Percorrendo la Superstrada che da Lecce conduce a Gallipoli si viene ammaliati da un riflesso verde smeraldo che stranamente riluce anche la notte.
E’ la cupola della barocca Chiesa di San Vito Martire, patrono di Lequile, cittadina dell’hinterland leccese, dove sorgono ormai edifici residenziali, molto ambiti ed appetibili da coloro che rifuggono il caos cittadino e preferiscono la riservatezza del piccolo centro.
Il Santo, venerato in 11 Comuni d’Italia anche come San Vito di Lucania, nato – da padre pagano – a Mazara del Vallo nel III secolo e martirizzato giovanissimo in Lucania il 15 giugno 303, viene festeggiato dai cittadini di Lequile in ben tre date: il 13 febbraio (Festa del Patrocinio o di Santu Itu Piccinnu); il martedì di Pasqua (Festa della traslazione della reliquia o Santu Itu Menzanu) e la 4^ domenica di giugno (Festa del Patrono o Santu Itu Ranne) in maniera solenne con una processione per le vie del paese, accompagnata dalla banda, e una fiera-mercato anche di animali.

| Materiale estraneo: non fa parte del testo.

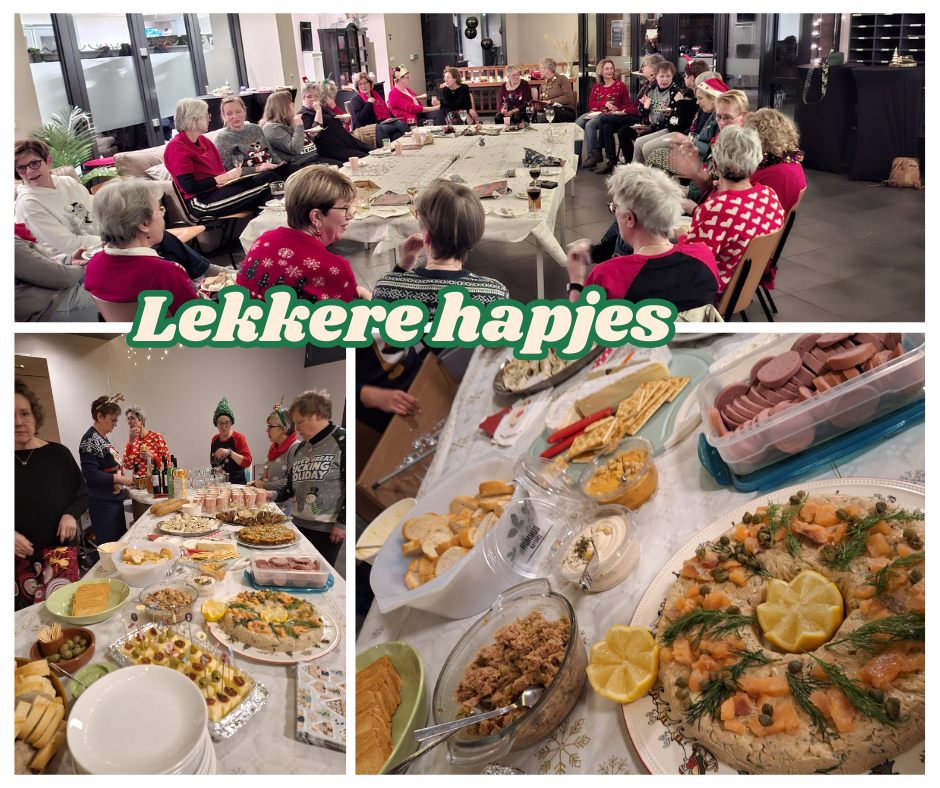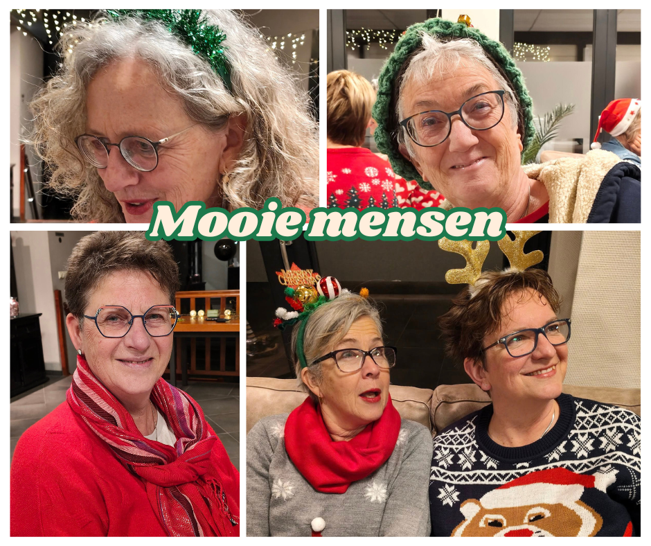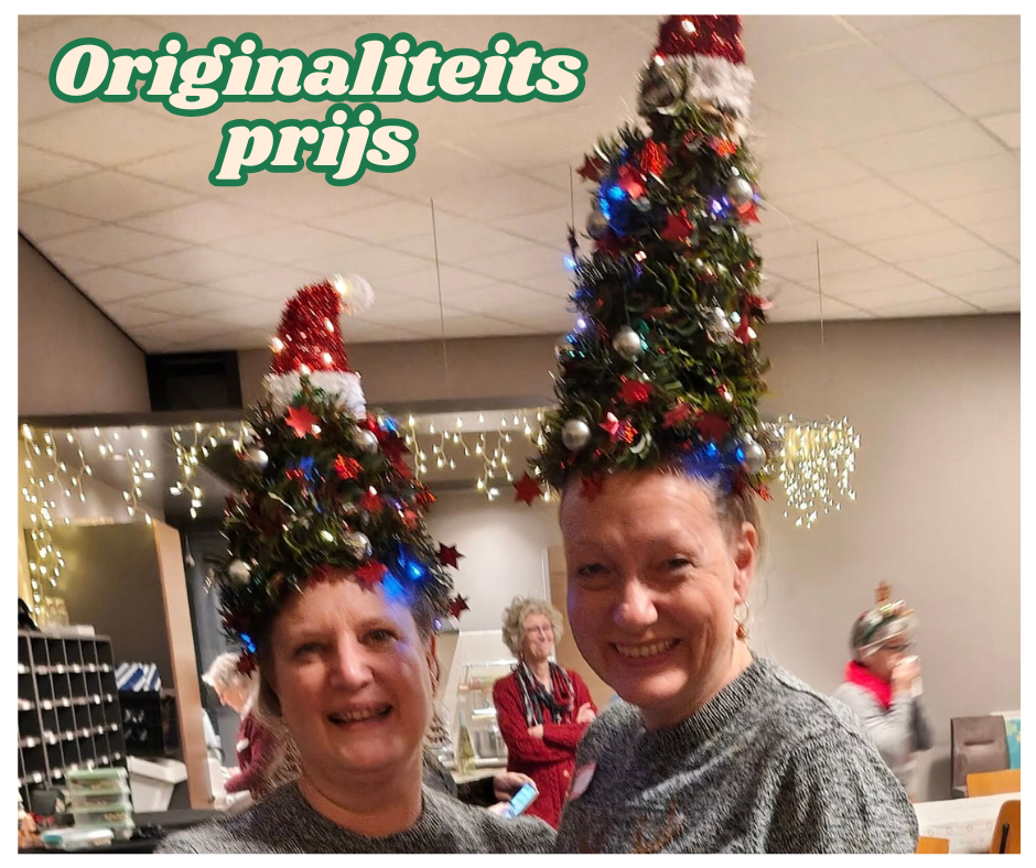 De originaliteitsprijs ging naar het duo Marlies en Irene. Wat een kunstwerk hadden die op hun hoofd geknutseld. Bleek nog aardig zwaar te zijn dus halverwege de avond werd de kerstmuts afgebroken.

Le ossa del Santo (che è uno dei 14 Santi Ausiliatori insieme ad Acacio, Barbara, Biagio, Caterina d’Alessandria, Ciriaco, Cristoforo, Dionigi, Egidio, Erasmo, Eustachio, Giorgio, Margherita, Pantaleone), dopo il martirio pare siano state gettate nel fiume Sele; ma alcuni ritrovamenti portano a credere che egli sia stato invece seppellito nei pressi della Chiesa di San Vito al Sele.
L’edificio di culto, di stile barocco, è stato costruito tra il 1661 ed il 1670 su progetto di Salvatore Miccoli ed ha un prospetto molto elegante con capitelli corinzi legati fra loro da ghirlande di frutta; mentre, la statua del Santo si trova in cima al timpano triangolare sopra il portale centrale.
Il portone è fiancheggiato da due nicchie vuote e la grande cupola emisferica, che tanto attrae lo sguardo anche da lontano, è posta dietro il frontone circolare ed è ricoperta da squame di ceramiche policrome; ma è l’interno del luogo ad essere pure maestoso: otto altari e nove grandi tele con storie di Santi sorprendono i numerosi devoti, che ivi si recano a chiedere intercessione all’Ausiliatore.
Nel timpano superiore quattro pilastri racchiudono due nicchie con le statue di San Pietro, con in mano le chiavi del paradiso, e di San Paolo, con in mano la spada; mentre, sul finestrone è posto il cartiglio dove il popolo lequilese ha scritto al suo patrono: D.O.M. DIVO PATRONO LEQUILENSIUM PIETAS AUGUSTIUS INSTAURAVIT A.D.1670.
Ma quella cupola verde smeraldo, che riluce come un prezioso cabochon e che si ammira dalle terrazze dei tanti moderni palazzi, sorti alla periferia del tranquillo paese, racchiude simbolicamente i voti dei tantissimi che amano e pregano San Vito, chiedendone l’efficace intercessione nelle malattie e in situazioni di specifiche necessità.
E, a questo proposito, leggenda (o, meglio ancora, diceria) vuole che chi ammiri o fotografi la cupola del bel tempio guarisca dalle proprie pene d’amore.